======== Material provided

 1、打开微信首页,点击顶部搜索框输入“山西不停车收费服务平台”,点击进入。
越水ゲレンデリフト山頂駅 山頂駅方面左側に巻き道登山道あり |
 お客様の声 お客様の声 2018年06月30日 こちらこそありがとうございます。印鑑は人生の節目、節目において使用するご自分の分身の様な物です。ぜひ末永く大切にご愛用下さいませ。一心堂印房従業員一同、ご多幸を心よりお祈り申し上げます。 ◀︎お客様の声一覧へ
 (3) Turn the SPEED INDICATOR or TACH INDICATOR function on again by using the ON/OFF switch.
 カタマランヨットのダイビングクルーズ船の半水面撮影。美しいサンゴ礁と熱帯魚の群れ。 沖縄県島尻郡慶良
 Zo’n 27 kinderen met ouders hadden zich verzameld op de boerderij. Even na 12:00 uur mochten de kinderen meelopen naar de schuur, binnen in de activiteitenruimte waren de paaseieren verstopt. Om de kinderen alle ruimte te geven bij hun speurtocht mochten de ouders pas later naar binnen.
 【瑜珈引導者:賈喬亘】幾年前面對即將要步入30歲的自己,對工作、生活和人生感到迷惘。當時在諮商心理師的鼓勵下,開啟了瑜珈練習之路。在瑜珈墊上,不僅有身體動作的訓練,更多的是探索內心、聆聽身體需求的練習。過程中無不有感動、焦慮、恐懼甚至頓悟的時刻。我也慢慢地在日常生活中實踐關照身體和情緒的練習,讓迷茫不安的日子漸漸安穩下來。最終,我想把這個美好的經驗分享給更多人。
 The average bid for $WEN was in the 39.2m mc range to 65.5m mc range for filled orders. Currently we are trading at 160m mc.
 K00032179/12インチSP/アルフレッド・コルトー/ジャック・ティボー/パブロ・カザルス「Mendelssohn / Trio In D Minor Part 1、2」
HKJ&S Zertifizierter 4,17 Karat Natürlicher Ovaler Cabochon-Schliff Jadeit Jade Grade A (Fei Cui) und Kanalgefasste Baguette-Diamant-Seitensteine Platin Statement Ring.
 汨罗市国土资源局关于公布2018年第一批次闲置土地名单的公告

================

→ **Assignment**
Print, without alteration, only the lines above between the one holding "The average bid" and the one holding "Minor Part 1、2」", inclusive.

→ **Result of this task**
 The average bid for $WEN was in the 39.2m mc range to 65.5m mc range for filled orders. Currently we are trading at 160m mc.
 K00032179/12インチSP/アルフレッド・コルトー/ジャック・ティボー/パブロ・カザルス「Mendelssohn / Trio In D Minor Part 1、2」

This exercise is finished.